The episodes were bundled with the sixth, seventh and eighth volumes of the manga, between September 10, 2016, March 10, 2017, and September 9, 2017. The first episode was shown in theaters for two weeks, starting on August 13, 2016; the second episode premiered in theaters on February 4, 2017; and the third episode premiered on August 19, 2017. Crunchyroll began streaming the first episode on September 10, 2016.

An anime television series adaptation was announced on March 10, 2017, and aired from October 7, 2017, to March 24, 2018, on MBS, Tokyo MX, BS11 and other Japanese channels. JUNNA performed the opening theme "Here", and Hana Itoki performed the ending theme . The second opening theme is "You" by May'n, and the ending theme is  by AIKI & AKINO from bless4. Funimation streamed an English dub. The anime adapted the manga till the ninth volume. It later won the best drama award at the 2017 Crunchyroll Anime Awards. Manga Entertainment will distribute the series on home video in the United Kingdom and Ireland.
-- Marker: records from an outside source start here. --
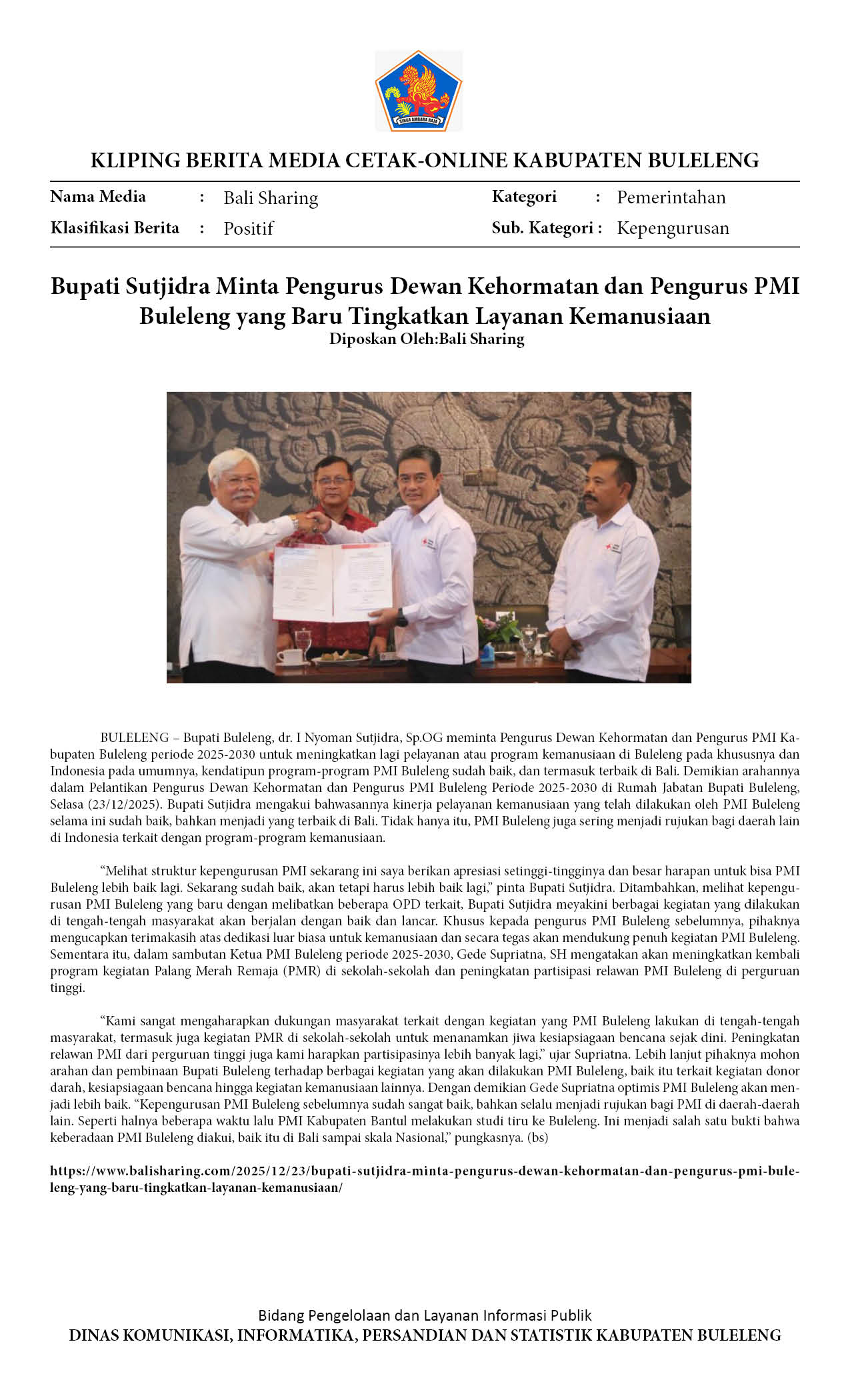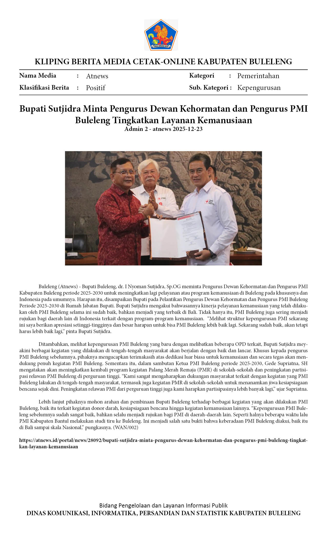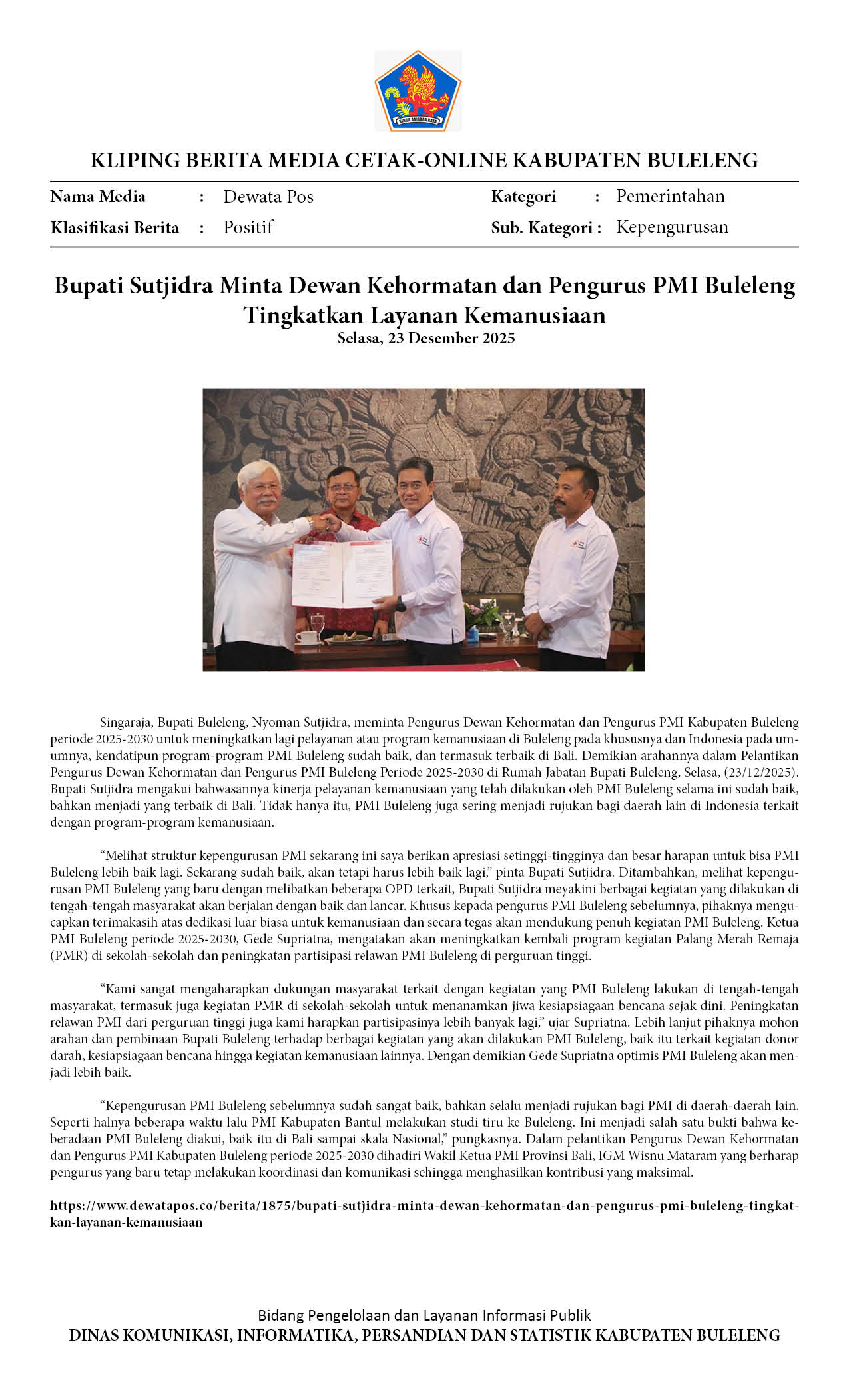 BUPATI SUTJIDRA MINTA DEWAN KEHORMATAN DAN PENGURUS PMI BULELENG TINGKATKAN LAYANAN KEMANUSIAAN
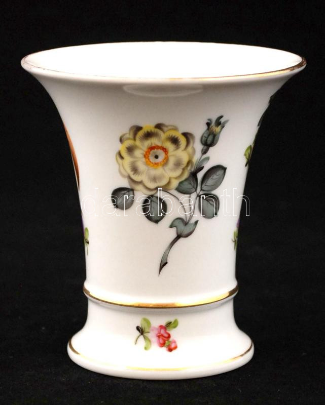 Leírás: Herendi termésekkel díszített kis váza, kézzel festett, hibátlan, jelzett, m: 10 cm
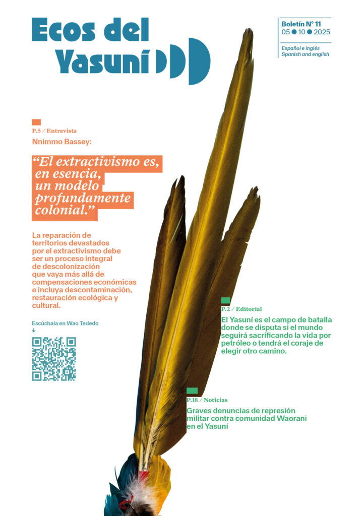 Este número aborda la disputa geopolítica por el Yasuní, donde convergen intereses petroleros de China, que busca asegurar suministros energéticos en la Amazonía ecuatoriana, y de Estados Unidos, que propone instalar bases militares en Ecuador. A dos años del referéndum histórico donde el 57% de ecuatorianos votó por dejar el petróleo bajo tierra, el gobierno ha cerrado apenas 10 de 247 pozos activos, incumpliendo el mandato popular. La edición presenta una entrevista con el activista nigeriano Nnimmo Bassey, quien vincula extractivismo con colonialismo y propone que la reparación territorial debe incluir auditorías independientes, descontaminación, restauración ecológica-cultural y justicia epistémica, promoviendo la «Yasunización del mundo» como estrategia global anticolonial. Finalmente, denuncia la represión militar contra la comunidad Waorani de Mintaro en septiembre de 2025, con detenciones arbitrarias durante protestas, evidenciando la criminalización de la resistencia indígena en defensa de sus territorios ancestrales.
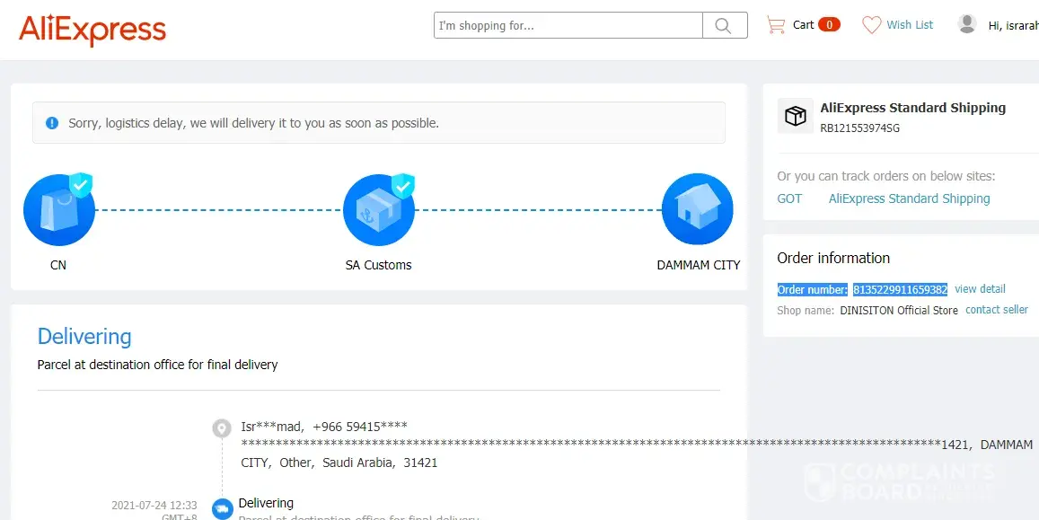 Desired outcome: total refund and the banning of Cainiao delivery until they get their delivery system right
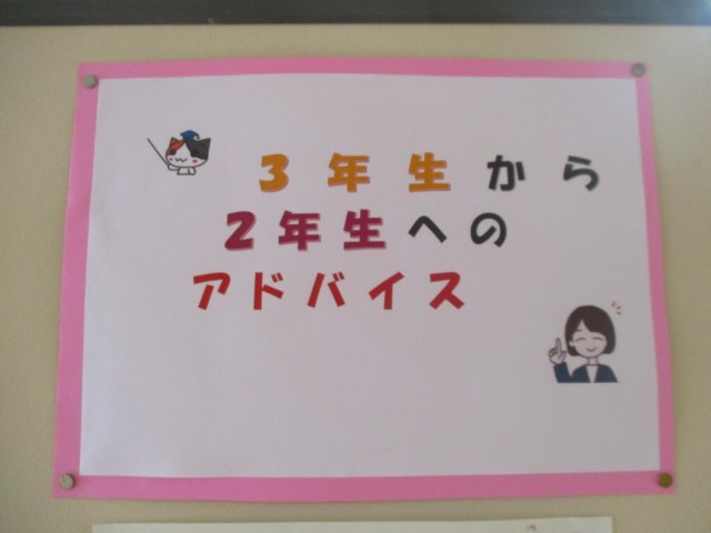 先輩たちからのアドバイスが掲示してあります。具体的なアドバイスを生かして、「呉中プライド」につなげてほしいと思います。

A second original three-part OVA series titled The Ancient Magus' Bride: The Boy From the West and the Knight of the Mountain Haze was announced in March 2021, with the episodes being bundled with the sixteenth, seventeenth and eighteenth volumes of the manga, released on September 10, 2021, March 10, 2022, and September 10, 2022. The OVA series is animated by Studio Kafka and directed by Kazuaki Terasawa, with scripts by Aya Takaha and Yoko Yonaiyama. Hirotaka Katō returns to design the characters, and Junichi Matsumoto returns to compose the series' music.

A second season was announced on September 5, 2022. Studio Kafka is returning from the OVA to produce the season, with Kazuaki Terasawa returning to direct. Chiaki Nishinaka is joining Aya Takaha and Yoko Yonaiyama in writing the screenplay. Hirotaka Katō and Junichi Matsumoto are also returning as character designer and composer. The opening theme song, "Dear", is again performed by JUNNA. The season is set to premiere on April 6, 2023 on Tokyo MX, BS11, Sun TV, and AT-X.

Reception

Sales
Volume 2 reached the 9th place on the Oricon's weekly manga chart and, as of September 21, 2014, had sold 104,518 copies.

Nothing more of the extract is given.